#### Extracted records
Content starts
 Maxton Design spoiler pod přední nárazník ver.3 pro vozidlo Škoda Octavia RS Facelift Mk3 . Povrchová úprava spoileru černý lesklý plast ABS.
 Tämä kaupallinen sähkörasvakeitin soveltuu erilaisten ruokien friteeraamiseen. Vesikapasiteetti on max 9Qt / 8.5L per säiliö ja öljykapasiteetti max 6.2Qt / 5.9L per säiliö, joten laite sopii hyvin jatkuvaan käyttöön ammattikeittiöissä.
Content ends
Content starts
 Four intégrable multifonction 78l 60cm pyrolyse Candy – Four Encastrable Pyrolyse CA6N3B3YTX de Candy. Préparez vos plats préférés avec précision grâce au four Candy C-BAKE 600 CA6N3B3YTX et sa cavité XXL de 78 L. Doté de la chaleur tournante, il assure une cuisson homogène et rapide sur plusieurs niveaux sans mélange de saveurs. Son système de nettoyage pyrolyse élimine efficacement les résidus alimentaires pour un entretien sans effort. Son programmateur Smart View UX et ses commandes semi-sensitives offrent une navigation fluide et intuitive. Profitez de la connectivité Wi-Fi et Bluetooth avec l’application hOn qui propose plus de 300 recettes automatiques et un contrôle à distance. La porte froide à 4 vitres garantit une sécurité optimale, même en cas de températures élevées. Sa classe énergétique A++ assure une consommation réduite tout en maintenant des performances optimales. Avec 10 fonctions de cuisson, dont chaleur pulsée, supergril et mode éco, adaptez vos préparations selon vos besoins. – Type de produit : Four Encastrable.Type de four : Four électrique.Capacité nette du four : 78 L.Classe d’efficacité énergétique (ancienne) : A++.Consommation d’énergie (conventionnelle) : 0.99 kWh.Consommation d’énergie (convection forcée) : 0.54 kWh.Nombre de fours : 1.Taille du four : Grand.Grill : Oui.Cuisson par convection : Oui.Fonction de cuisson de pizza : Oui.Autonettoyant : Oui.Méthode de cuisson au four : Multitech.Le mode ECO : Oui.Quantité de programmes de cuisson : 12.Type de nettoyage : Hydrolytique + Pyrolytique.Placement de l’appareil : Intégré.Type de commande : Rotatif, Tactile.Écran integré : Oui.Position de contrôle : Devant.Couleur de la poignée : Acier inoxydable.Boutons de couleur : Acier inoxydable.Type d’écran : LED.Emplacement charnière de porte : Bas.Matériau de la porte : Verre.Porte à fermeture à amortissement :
Content ends
#### Exercise instructions
Print only what lies in the material above starting at the line with "Maxton Design spoiler" and ending at the line with "Tämä kaupallinen sähkörasvakeitin", every line exactly as given.

#### Exercise solution
 Maxton Design spoiler pod přední nárazník ver.3 pro vozidlo Škoda Octavia RS Facelift Mk3 . Povrchová úprava spoileru černý lesklý plast ABS.
 Tämä kaupallinen sähkörasvakeitin soveltuu erilaisten ruokien friteeraamiseen. Vesikapasiteetti on max 9Qt / 8.5L per säiliö ja öljykapasiteetti max 6.2Qt / 5.9L per säiliö, joten laite sopii hyvin jatkuvaan käyttöön ammattikeittiöissä.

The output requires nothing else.